From the line containing "Elégante carte mariage" through the last line of the data, both ends included, write out every line exactly; omit the pictures.

(Data for this exercise begins)

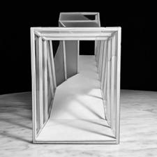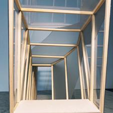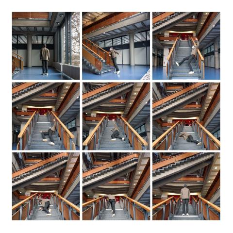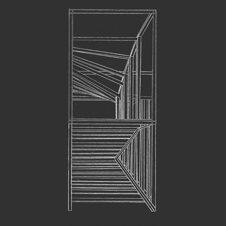 The chosen design is constructively split into multiple wooden frames, dissecting the 5 meter span into 9 spatial fragments. The viewer / actor must tread upwards, not knowing what is behind the transfigured corner in the middle of the piece. This same middle is the epicenter of the emotional change and as such draws the eye towards it. Metaphorically the point of no return, where one must come to face reality and rise up to the new real.
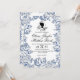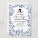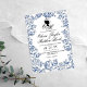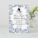 Elégante carte mariage Bridgerton bleu poussiéreux avec calligraphie de script blanche et élégante. Invitation classique et élégante, simple et moderne.
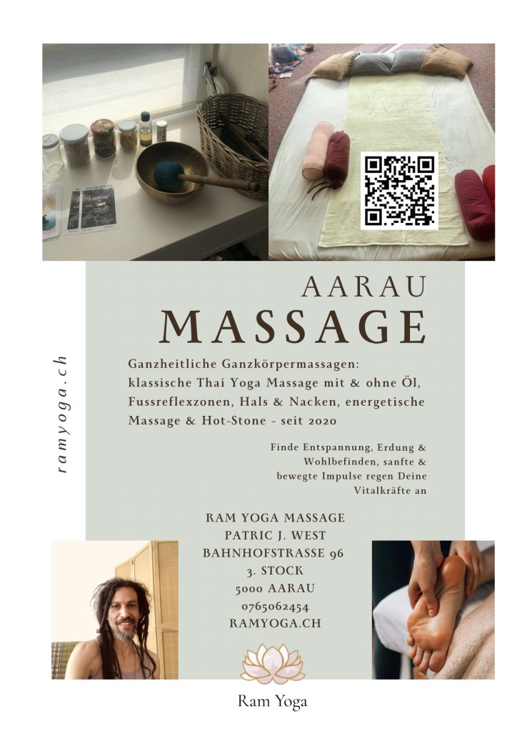 sanfte Gelenke öffnende Bewegungen und Akupressur entlang der Meridiane befreien & regen den Energiefluss in Deinem Körper an. Die traditionelle fernöstliche Behandlungsmethode hilft Verspannung & Stress abzubauen, fördert Durchblutung, Lymphfluss, Atem, Verdauung & Immunsystem, schafft Verbundenheit mit Dir selbst & Wohlbefinden; die Massage findet in bequemer Sport-Kleidung auf der Thai-Matte statt; idealerweise 2 Stunden vor der Massage keine grosse Mahlzeit
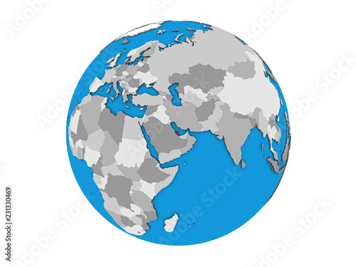 © harvepino, Naklejka premium Qatar on blue political 3D globe. 3D illustration isolated on white background.
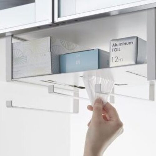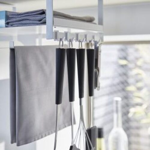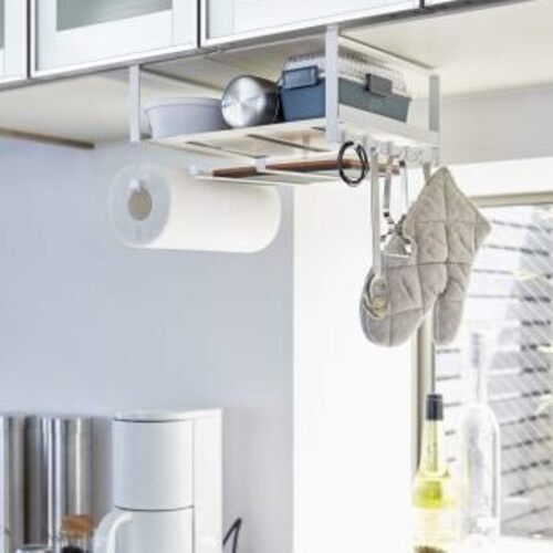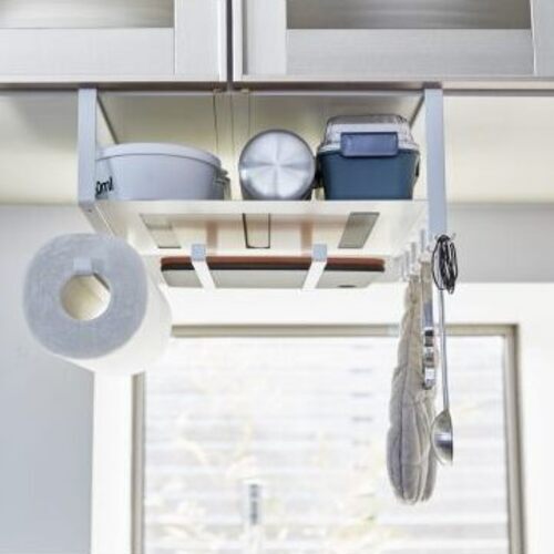 ●キッチンの吊り戸棚に差し込むだけの収納ラック。

(Data for this exercise ends)

- Solution for this task
 Elégante carte mariage Bridgerton bleu poussiéreux avec calligraphie de script blanche et élégante. Invitation classique et élégante, simple et moderne.
 sanfte Gelenke öffnende Bewegungen und Akupressur entlang der Meridiane befreien & regen den Energiefluss in Deinem Körper an. Die traditionelle fernöstliche Behandlungsmethode hilft Verspannung & Stress abzubauen, fördert Durchblutung, Lymphfluss, Atem, Verdauung & Immunsystem, schafft Verbundenheit mit Dir selbst & Wohlbefinden; die Massage findet in bequemer Sport-Kleidung auf der Thai-Matte statt; idealerweise 2 Stunden vor der Massage keine grosse Mahlzeit
 © harvepino, Naklejka premium Qatar on blue political 3D globe. 3D illustration isolated on white background.
 ●キッチンの吊り戸棚に差し込むだけの収納ラック。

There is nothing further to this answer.